Tres millones de españoles más que el pasado año atascan las carreteras en este puente de la Inmaculada Constitución, bajo el santo temor de que acaso sea el último. Razones no les faltan para tal desconfianza. La patronal está negociando ya con los sindicatos la eliminación de estos acueductos sobre aguas laborales y, aun si no llegasen a un acuerdo, la medida será adoptada muy probablemente por el nuevo Gobierno de Mariano Rajoy dentro del paquete que se dispone a meternos.

No va a quedar más remedio que decirle adiós a la Virgen de la Constitución, al puente de San José y al de la Virgen del Pilar, entre otros muchos que hasta ahora certificaban la imparcial devoción a los santos y al ocio tan característica de este país. Poco importa que para cumplir ese propósito sea necesario andar cambiando de sitio en el almanaque a vírgenes y constituciones, de tal modo que los festivos caigan siempre en lunes. Cuando las urgencias de la economía aprietan, ni a los santos se respeta.

En esto, como en casi todo, tendemos a imitar a los países del mundo anglosajón que, siguiendo su tradición luterana y algo hereje, llevan ya años moviendo a los santos al lunes. Italia acaba de hacer lo propio y, lógicamente, la próxima en ofrendar el sacrificio de los puentes en el altar de la producción será la antaño catolicísima España.
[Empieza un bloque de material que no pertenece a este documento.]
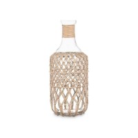 - Den er lavet af gennemsigtigt glas med naturreb omkring hals og krop.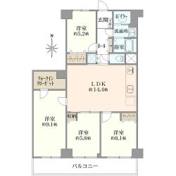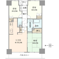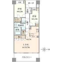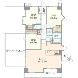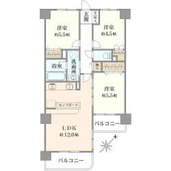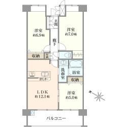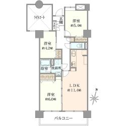 3LDK/69.02m2/南東向き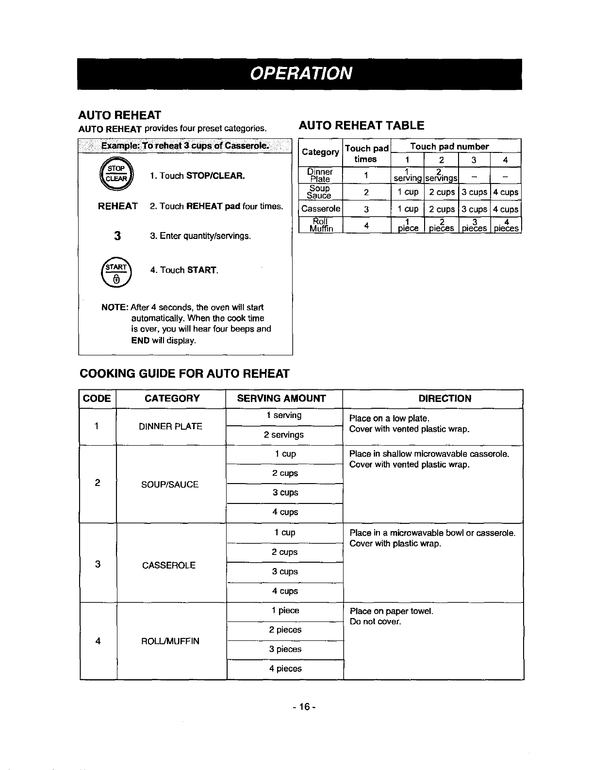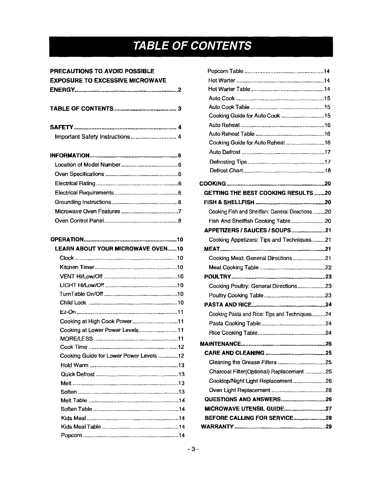 Cooking Guide for Auto Reheat ......................... 16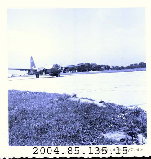 A small B/W photograph of a large plane at Brunswick Naval Air Station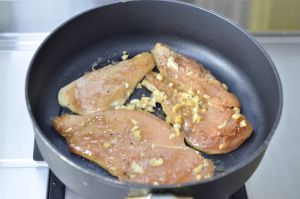将鸡胸肉和酱汁一起倒入锅中,盖上锅盖小火慢煎,全程盖锅盖哦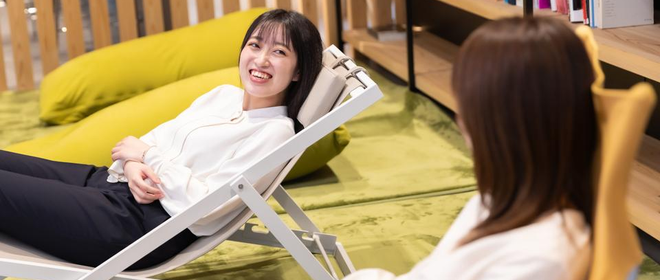 2020年にリニューアルした東京本社は仕切りのないフラットな作りで、部署や役職を超えたコミュニケーションを後押し。また、ビリヤード台や卓球台、ソファなどがあるリフレッシュエリアでは、休憩時間などに思い思いの時間を過ごしています。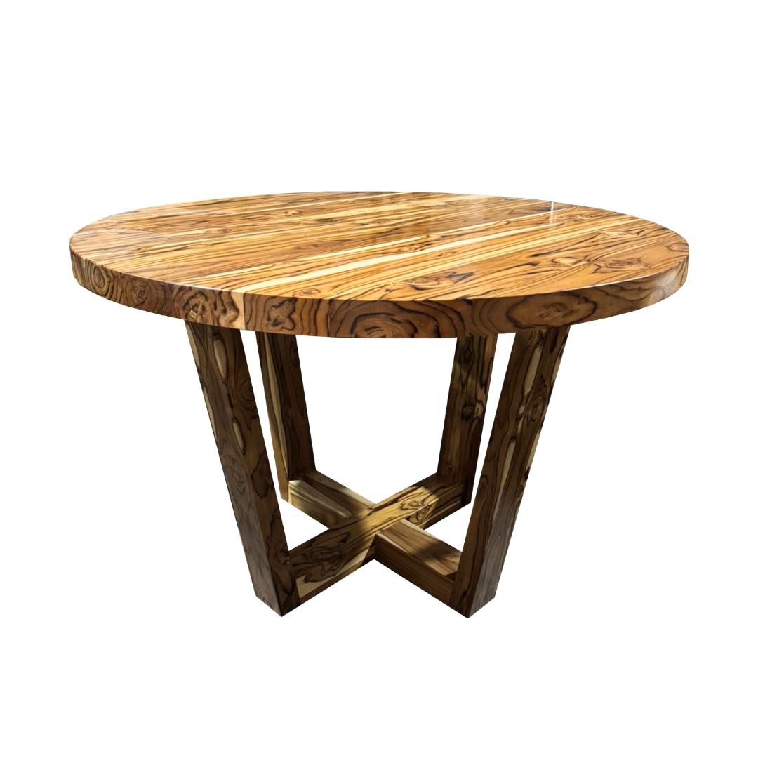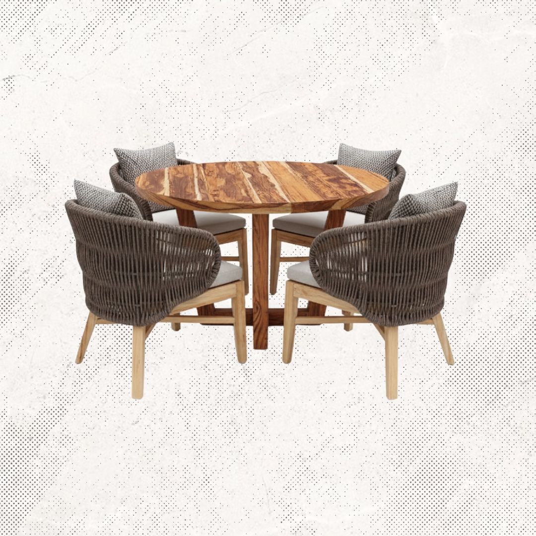 Mesa redonda con cubierta de madera y 4 sillas modelo Victoria, tejidas con rattan sintético, madera de parota, cojines en tela Sumbrella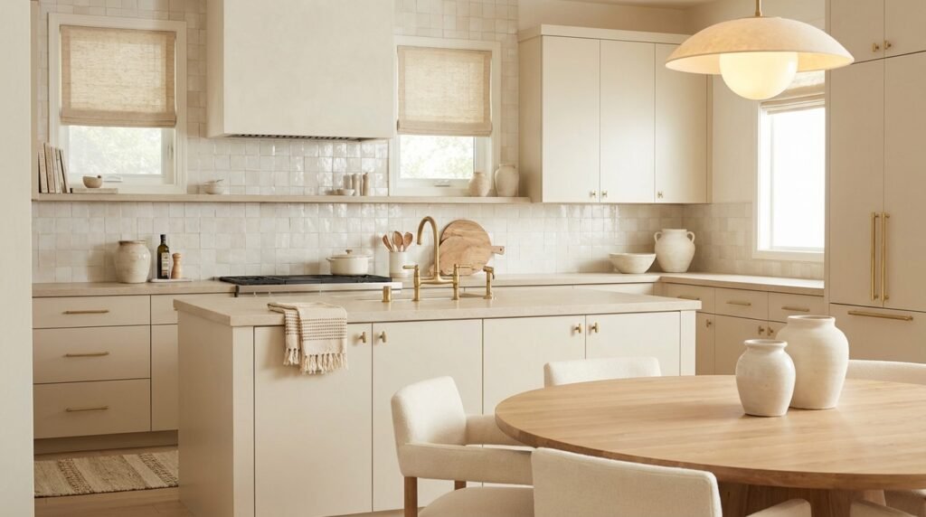 Drench your entire kitchen in tonal layers of cream, beige, or warm gray for immersive sophistication.

No quiere ello decir que aquí se trabaje menos que por ahí afuera, contra lo que a menudo sugiere nuestra estricta gobernanta Ángela Merkel. En realidad, los españoles dedican al curro 65 horas anuales más que los alemanes y 125 más que los franceses, por citar a las dos naciones que estos días quieren meter en cintura a los perezosos habitantes de la Europa del sur. La diferencia, si acaso, estaría en el considerable número de catorce festivos que, con la propina añadida de los puentes, hacen de España uno de los países con mayor holganza vacacional. Eso es lo que ahora se va a acabar, previsiblemente; aunque no es probable que a cambio nos reduzcan el dilatado calendario laboral de 1.720 horas al año para asimilarlo a las 1.655 de Alemania.

El problema es más bien de calidad que de cantidad. Las estadísticas de rendimiento sugieren que una hora de trabajo le cunde mucho más a un alemán –e incluso a un francés– que a un español. No es que aquí se trabaje poco, sino que se produce menos: y acaso la clave del asunto resida en esa mejor organización que permite a los centroeuropeos sacarle más provecho a la faena aunque le echen menos horas que nosotros.

No parece que los empresarios españoles se anden con esas sutilezas, a juzgar por su empeño en que trabajemos más y no necesariamente mejor. Aparcada para más adelante la cuestión de la productividad, lo que importa ahora mismo es restar jornadas de ocio al calendario mediante la oportuna y tal vez ya inmediata supresión de los puentes entre festivos.

Aunque se trata de una decisión de orden básicamente económico, lo cierto es que sus consecuencias afectarán a la esencia sociológica del país. La afición a tender pasarelas de recreo entre los días feriados venía siendo, en efecto, un rasgo lo bastante hispano como para que se practicase por igual en la fabril Cataluña y en la Andalucía alegremente meridional; en el rico País Vasco o en la Galicia que tira a pensionista. El puente capaz de aunar lo sagrado y lo profano, como estos días ocurre con el de la Inmaculada Constitución, era uno de los rasgos específicos que distinguían a España dentro del concierto de las naciones. Se trataba, por así decirlo, de nuestra particular aportación a la ingeniería del ocio.

Con su pérdida seremos más europeos, más anglosajones y más currantes, pero mucho menos singulares de lo que solíamos. Así parecen haberlo entendido, al menos, los diez millones y medio de españoles que estos días aprovechan –en mayor número que nunca– la semana fantástica del puente de la Constitución. Por si fuese el último.